DATA:
○ ○ ○ ○

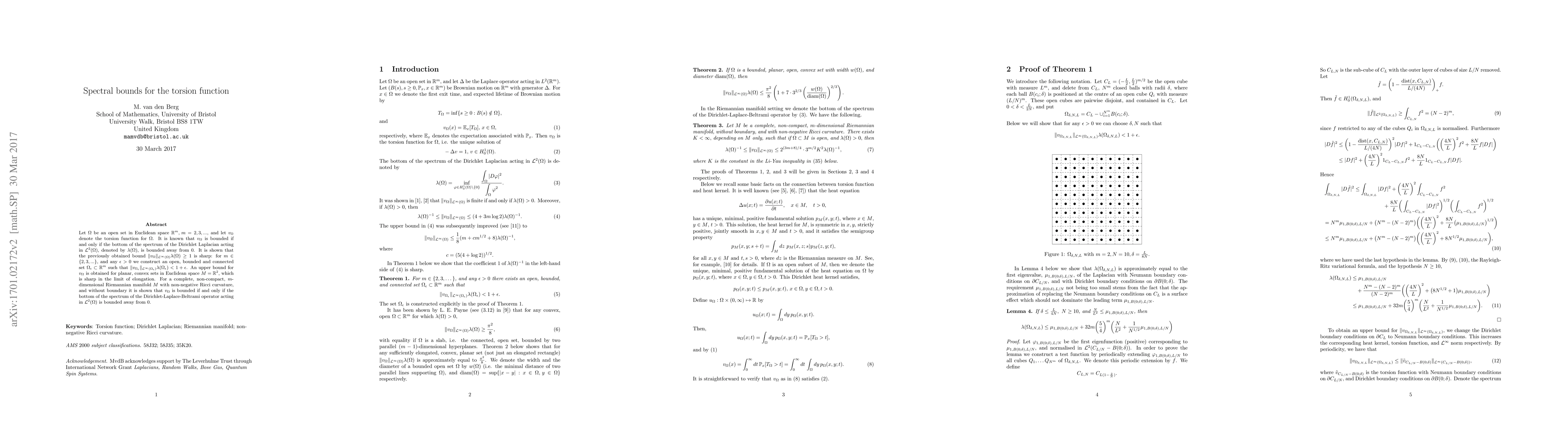 Let $\Omega$ be an open set in Euclidean space $\R^m,\, m=2,3,...$, and let $v_{\Omega}$ denote the torsion function for $\Omega$. It is known that $v_{\Omega}$ is bounded if and only if the bottom of the spectrum of the Dirichlet Laplacian acting in $\Leb^2(\Omega)$, denoted by $\lambda(\Omega)$, is bounded away from $0$. It is shown that the previously obtained bound $\|v_{\Omega}\|_{\Leb^{\infty}(\Omega)}\lambda(\Omega)\ge 1$ is sharp: for $m\in\{2,3,...\}$, and any $\epsilon>0$ we construct an open, bounded and connected set $\Omega_{\epsilon}\subset \R^m$ such that $\|v_{\Omega_{\epsilon}}\|_{\Leb^{\infty}(\Omega_{\epsilon})} \lambda(\Omega_{\epsilon})<1+\epsilon$. An upper bound for $v_{\Omega}$ is obtained for planar, convex sets in Euclidean space $M=\R^2$, which is sharp in the limit of elongation. For a complete, non-compact, $m$-dimensional Riemannian manifold $M$ with non-negative Ricci curvature, and without boundary it is shown that $v_{\Omega}$ is bounded if and only if the bottom of the spectrum of the Dirichlet-Laplace-Beltrami operator acting in $\Leb^2(\Omega)$ is bounded away from $0$.
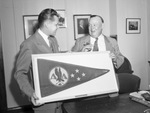 Carrol F. Hinners, left, presenting Fort Worth, Texas, mayor, I. N. McCrary, with the flag of the American Airlines flagship "Fort Worth." The flag, a bit frayed on the edges, was replaced with a new one when the "Fort Worth" completed 1,000,000 miles of flying. Mr. Hinners, American Airlines sales manager, had the old flag framed and gave it to the mayor "as a reminder that the Flagship Fort Worth" is still flying from coast to coast. Both men are standing in a room behind a desk and are wearing suits.
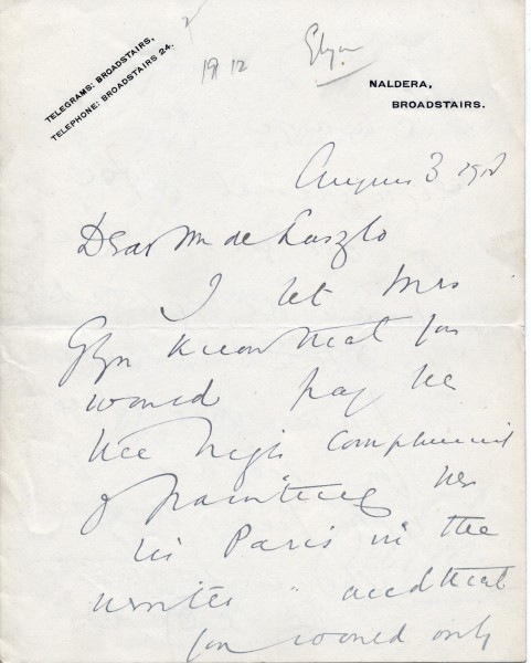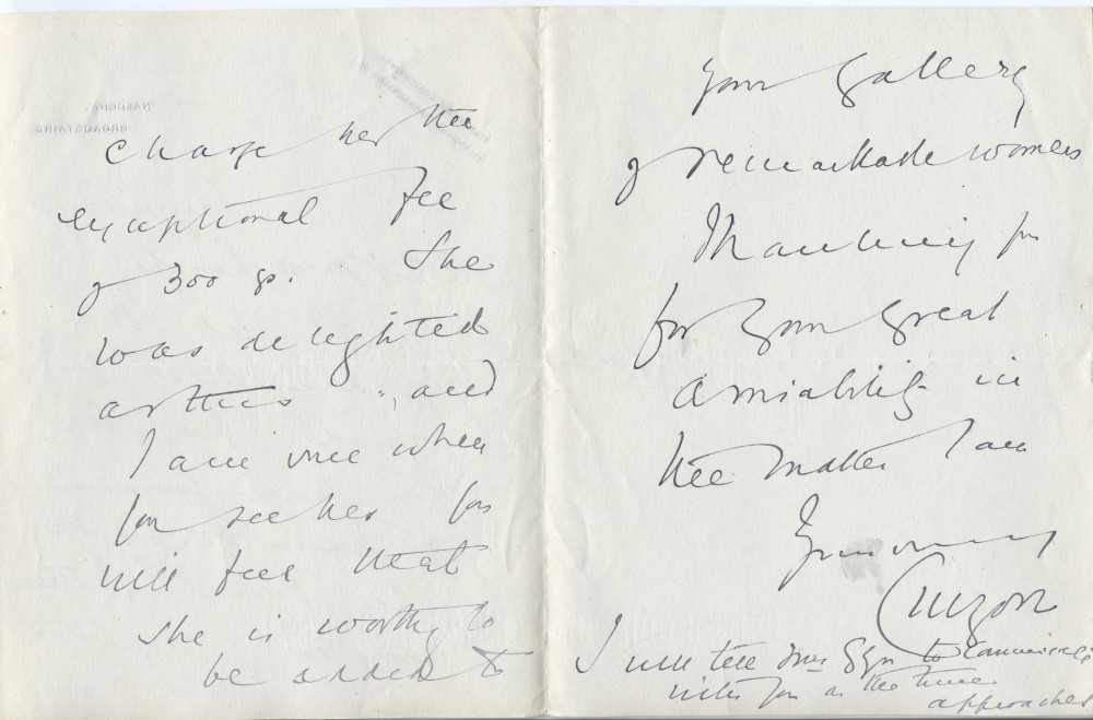 Letter from Lord Curzon to de László expressing Elinor Glyn's delight at de László's offer to paint her [5361] for the "exceptional fee of 300 gs" (see fn 1 in transcription re item's date) (duplicate item, see also DLA123-0004)

○ ○ ○ ○

Omit the pictures and reproduce the listing exactly.

EXPECTED ANSWER:
 Let $\Omega$ be an open set in Euclidean space $\R^m,\, m=2,3,...$, and let $v_{\Omega}$ denote the torsion function for $\Omega$. It is known that $v_{\Omega}$ is bounded if and only if the bottom of the spectrum of the Dirichlet Laplacian acting in $\Leb^2(\Omega)$, denoted by $\lambda(\Omega)$, is bounded away from $0$. It is shown that the previously obtained bound $\|v_{\Omega}\|_{\Leb^{\infty}(\Omega)}\lambda(\Omega)\ge 1$ is sharp: for $m\in\{2,3,...\}$, and any $\epsilon>0$ we construct an open, bounded and connected set $\Omega_{\epsilon}\subset \R^m$ such that $\|v_{\Omega_{\epsilon}}\|_{\Leb^{\infty}(\Omega_{\epsilon})} \lambda(\Omega_{\epsilon})<1+\epsilon$. An upper bound for $v_{\Omega}$ is obtained for planar, convex sets in Euclidean space $M=\R^2$, which is sharp in the limit of elongation. For a complete, non-compact, $m$-dimensional Riemannian manifold $M$ with non-negative Ricci curvature, and without boundary it is shown that $v_{\Omega}$ is bounded if and only if the bottom of the spectrum of the Dirichlet-Laplace-Beltrami operator acting in $\Leb^2(\Omega)$ is bounded away from $0$.
 Carrol F. Hinners, left, presenting Fort Worth, Texas, mayor, I. N. McCrary, with the flag of the American Airlines flagship "Fort Worth." The flag, a bit frayed on the edges, was replaced with a new one when the "Fort Worth" completed 1,000,000 miles of flying. Mr. Hinners, American Airlines sales manager, had the old flag framed and gave it to the mayor "as a reminder that the Flagship Fort Worth" is still flying from coast to coast. Both men are standing in a room behind a desk and are wearing suits.
 Letter from Lord Curzon to de László expressing Elinor Glyn's delight at de László's offer to paint her [5361] for the "exceptional fee of 300 gs" (see fn 1 in transcription re item's date) (duplicate item, see also DLA123-0004)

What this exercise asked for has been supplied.